Attaran était incendiaire, mais il avait également raison dans ce cas: il y a eu plusieurs cas très médiatisés de femmes racialisées qui ont perdu la vie dans des circonstances terribles dans les hôpitaux du Québec. Pendant ce temps, le gouvernement Legault a défendu la suprématie blanche et attaqué des groupes minoritaires au cours de son mandat. Legault nie même que le racisme systémique existe au Québec.
Plutôt que de décortiquer les propos d’Attaran, QS s’est aligné avec tous les autres partis à l’Assemblée nationale pour condamner ses propos comme étant québécophobes. Le CAD a condamné la réaction de QS sur les réseaux sociaux. QS a condamné la réaction du CAD en ligne. Le comportement des deux côtés l’un envers l’autre est devenu de plus en plus hostile.
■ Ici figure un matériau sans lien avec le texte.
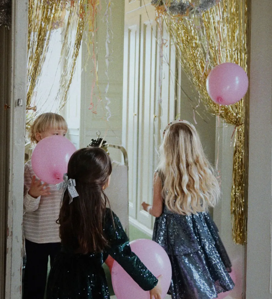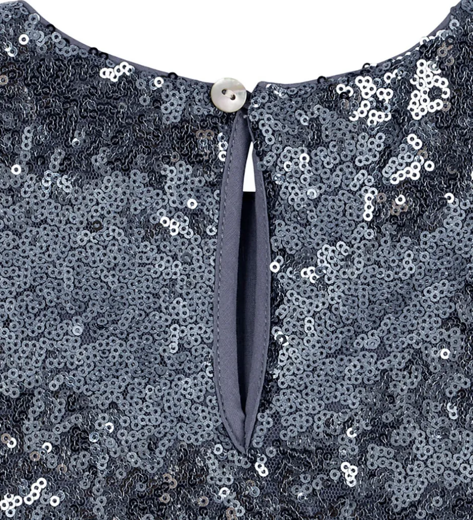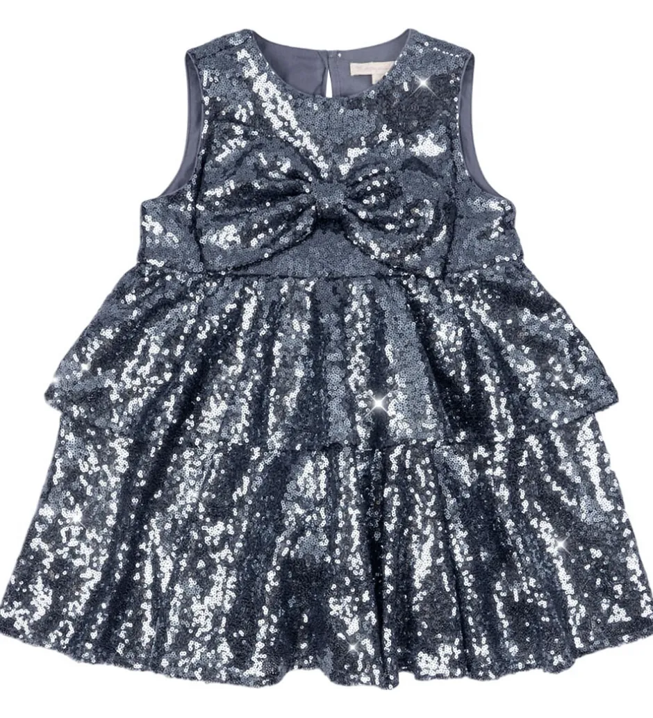 Elegant Konges Sløjd kjole med blå pailletter med et metallisk skær. Kjolen er helt uden ærmer, og fortil sidder der en stor sløjfe. Nedenunder falder skørtet med masser af vidde og i forskuldte lag. Kjolen lukkes i nakken med en knap. Kjolen har et ekstra lag af bomuld på indersiden.

Fin avril, l’exécutif national a proposé la motion de blâme du CAD pour son comportement. La motion accusait ces actions du CAD, ainsi qu’un autre commentaire sur les réseaux sociaux, d’être inacceptables et de violer les principes de QS. Les partisans de l’exécutif national ont fait valoir que le CAD est sectaire et polarisant. Les membres ont été massivement d’accord.
Si des femmes blanches mouraient dans des conditions terribles à l’hôpital et qu’un agitateur de Twitter accusait le Québec de féminicide médical, QS aurait-il agi de la même manière? Si Attaran avait qualifié Legault de porc sexiste qui permet effectivement aux femmes du Québec de mourir en ne répondant pas à une flambée de violence conjugale, QS se serait-il aligné avec d’autres partis pour condamner les propos avant de faire autre chose?
La réponse est évidente: le parti aurait utilisé les commentaires pour parler de patriarcat et de féminicide. Les féministes de QS ont toujours lié les problèmes sociaux au patriarcat.
Mais le racisme et le colonialisme sont bien en dehors de l’expérience et de l’expertise des dirigeant.e.s du parti. Et donc, QS répond mal, et peu ou pas d’action politique est entreprise pour intervenir de manière positive lorsque survient un problème critique.
Les victimes de faute professionnelle médicale raciste au Québec les plus médiatisées sont les femmes. La violence médicale est une question absolument féministe, et pourtant le parti s’est rallié aux propos d’Attaran plutôt que de demander justice pour ces femmes. Seul le CAD a relevé un problème sur la réponse de QS. Pour cela, ils ont été punis.
Le week-end dernier a été un coup dur pour la conviction de certains membres de QS que nous pouvons construire une nouvelle nation qui n’est ni raciste ni coloniale à partir de notre nation raciste et coloniale actuelle. Blâmer le CAD est une erreur, non seulement parce que cela montre une obstination au sein de la direction à comprendre le racisme systémique, mais parce qu’il rend impossible pour QS d’être une voix crédible sur le racisme.
Pour que l’antiracisme occupe une place similaire au féminisme dans QS, un changement radical dans la façon dont le parti aborde les questions sociales sera nécessaire. Cela exigera une lutte de pouvoir entre un exécutif national majoritairement blanc et des groupes antiracistes organisés, à la fois à l’intérieur et à l’extérieur du parti. Et surtout, il faudra une réflexion approfondie de la part des féministes blanches, qui ne comprennent pas leur rôle conflictuel d’oppressé et d’oppresseur, de s’ouvrir à la critique et faire de la place pour des perspectives qui remettent en question le statu quo du parti.
Nora Loreto est une écrivaine et militante basée à Québec. Elle est rédactrice en chef de l’Association canadienne des médias syndicaux.